- **TASK INPUTS**:
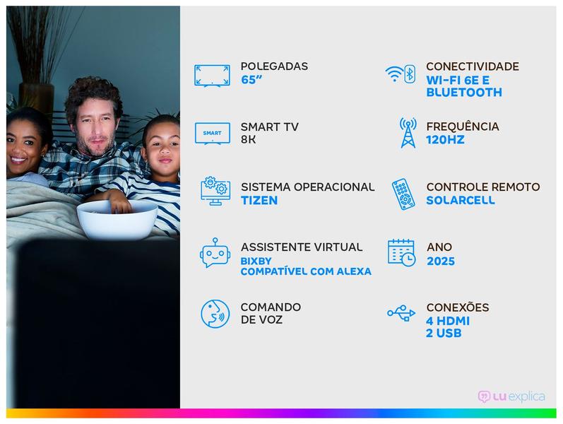 Equipada com o sistema operacional Tizen, ela oferece 7 anos de atualização, assegurando a longevidade do seu entretenimento.
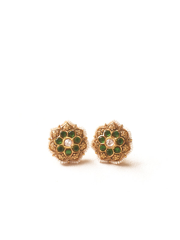 Flower Design Green Pendant Set | Kundan Pendant With Beaded
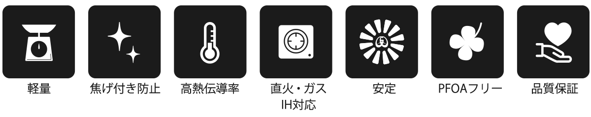 材質はアルミ合金ながら、まるで鉄のようなしっかりとした焼き上がりと、驚くほどの軽さ・扱いやすさが特徴です。
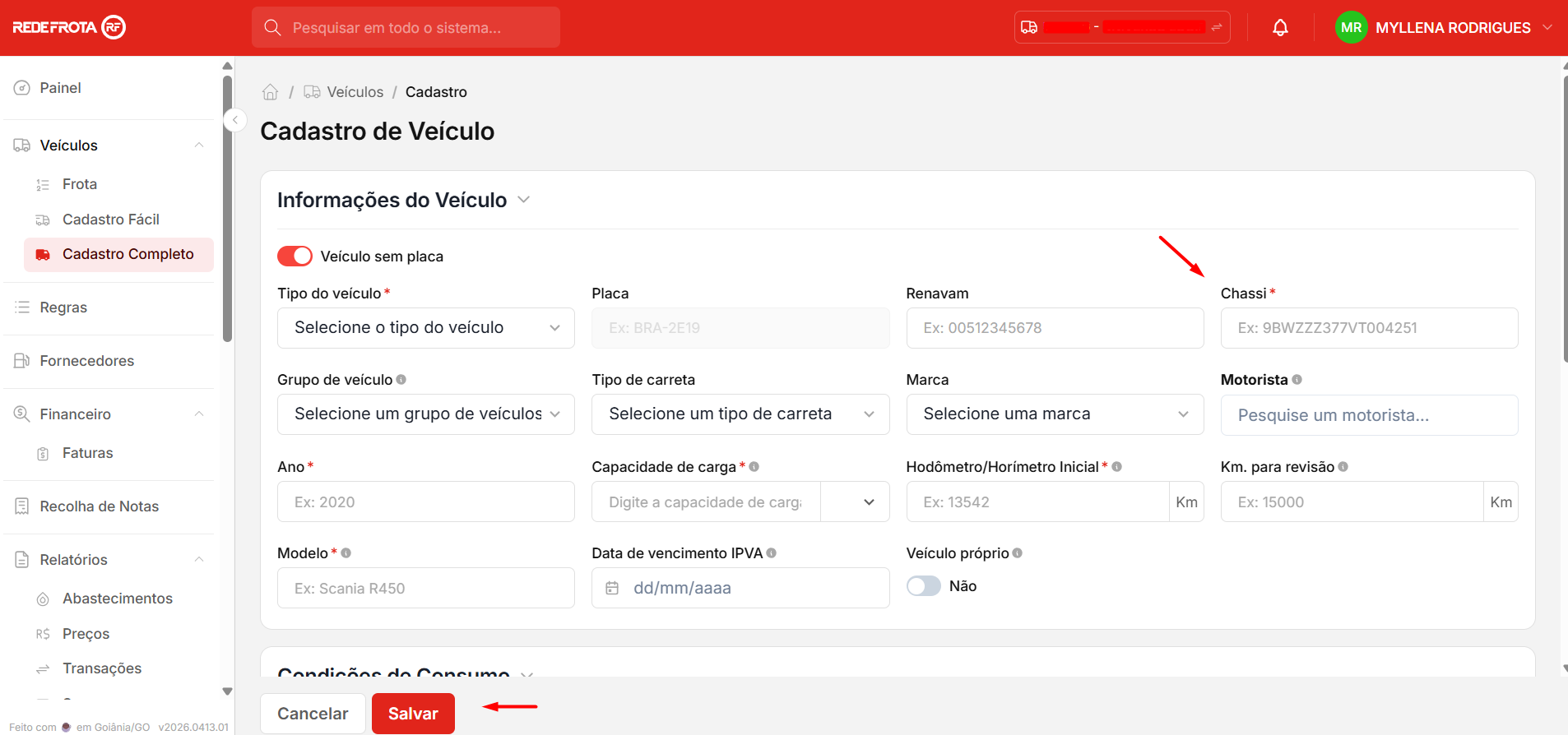 š” O chassi deve ser informado corretamente, pois serĆ” a identificação principal do veĆculo.
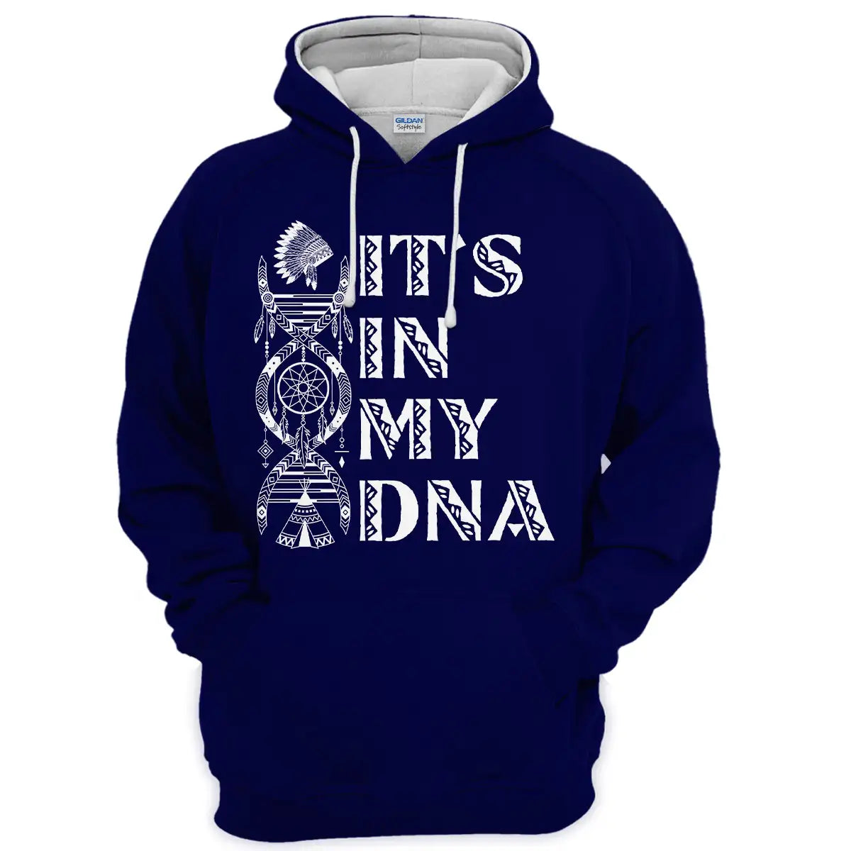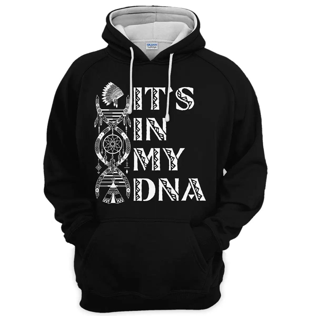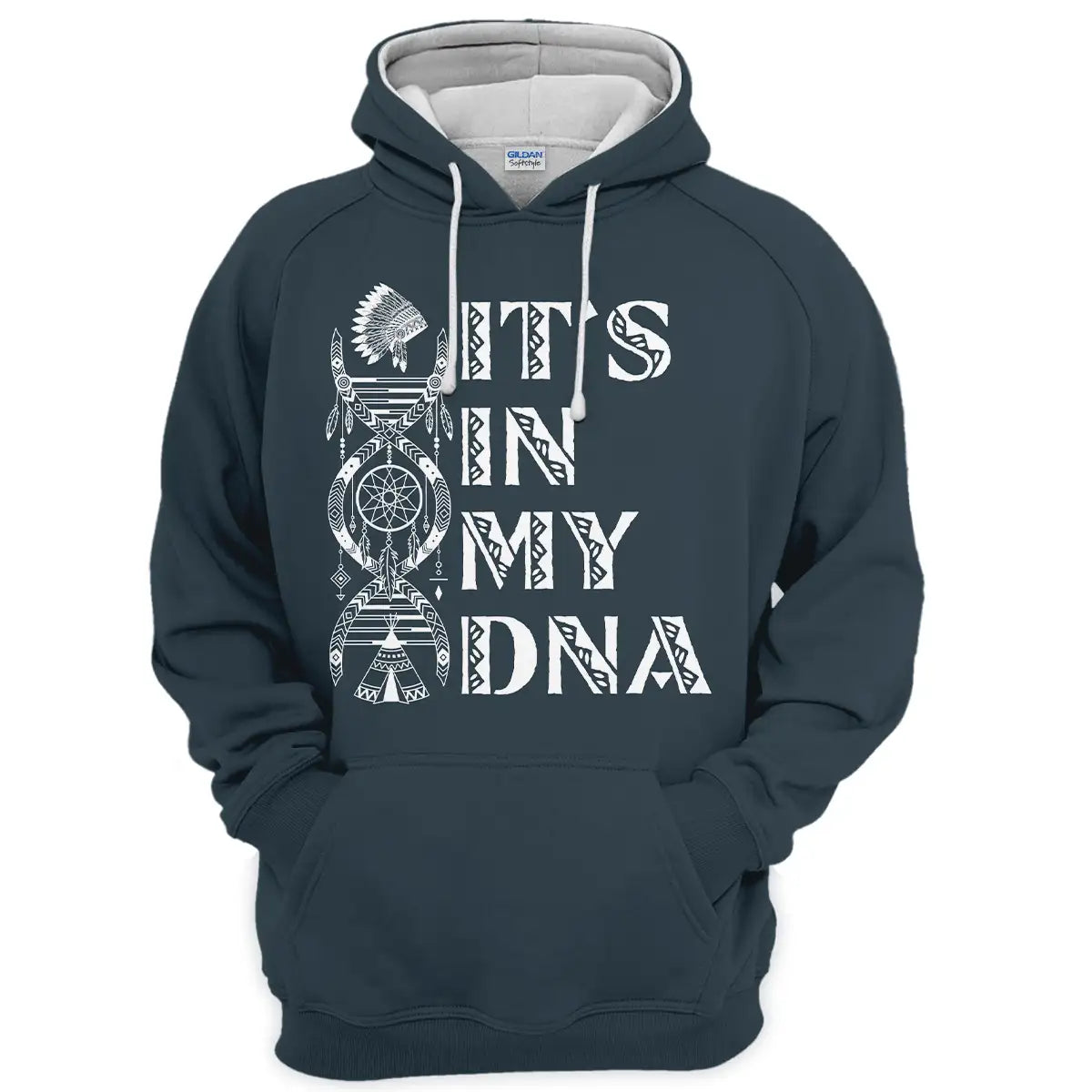 This Native American hoodie proudly displays the quote “It’s In My DNA” with a unique tribal-designed design featuring dreamcatcher and warrior symbols. The artwork draws inspiration from Indigenous traditions, celebrating strength, heritage, and the unbroken connection to ancestry. More than just clothing, this hoodie is a statement of pride and identity. Crafted for comfort and warmth, it’s perfect for casual wear or as a meaningful gift for those who honor Native culture. Every detail reflects resilience and the deep roots of Native heritage, making it a bold expression of cultural pride.
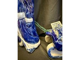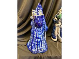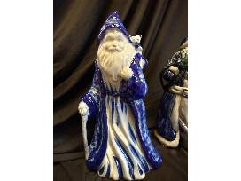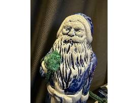 An Eldreth pottery Santa Claus signed and dated 1996 features a Primitive Santa with Staff carrying a sack of toys, the face of a teddy bear popping out over his shoulder. Beautiful salt glaze finish in blues over a grayish foundation.
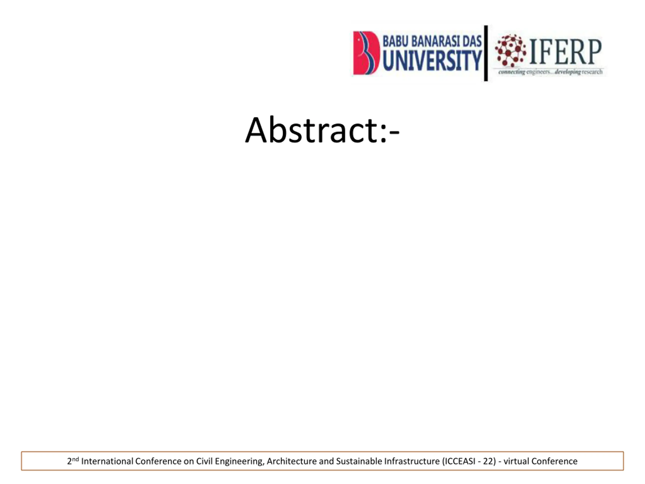 Abstract:- 2nd International Conference on Civil Engineering, Architecture and Sustainable Infrastructure (ICCEASI - 22) - virtual Conference

- **TASK OBJECTIVE**: Only the lines from the one with "An Eldreth pottery" to the last line of the listing, inclusive, are to be set down, exactly as they stand and without pictures.

- **ANSWER TO THIS EXERCISE**:
 An Eldreth pottery Santa Claus signed and dated 1996 features a Primitive Santa with Staff carrying a sack of toys, the face of a teddy bear popping out over his shoulder. Beautiful salt glaze finish in blues over a grayish foundation.
 Abstract:- 2nd International Conference on Civil Engineering, Architecture and Sustainable Infrastructure (ICCEASI - 22) - virtual Conference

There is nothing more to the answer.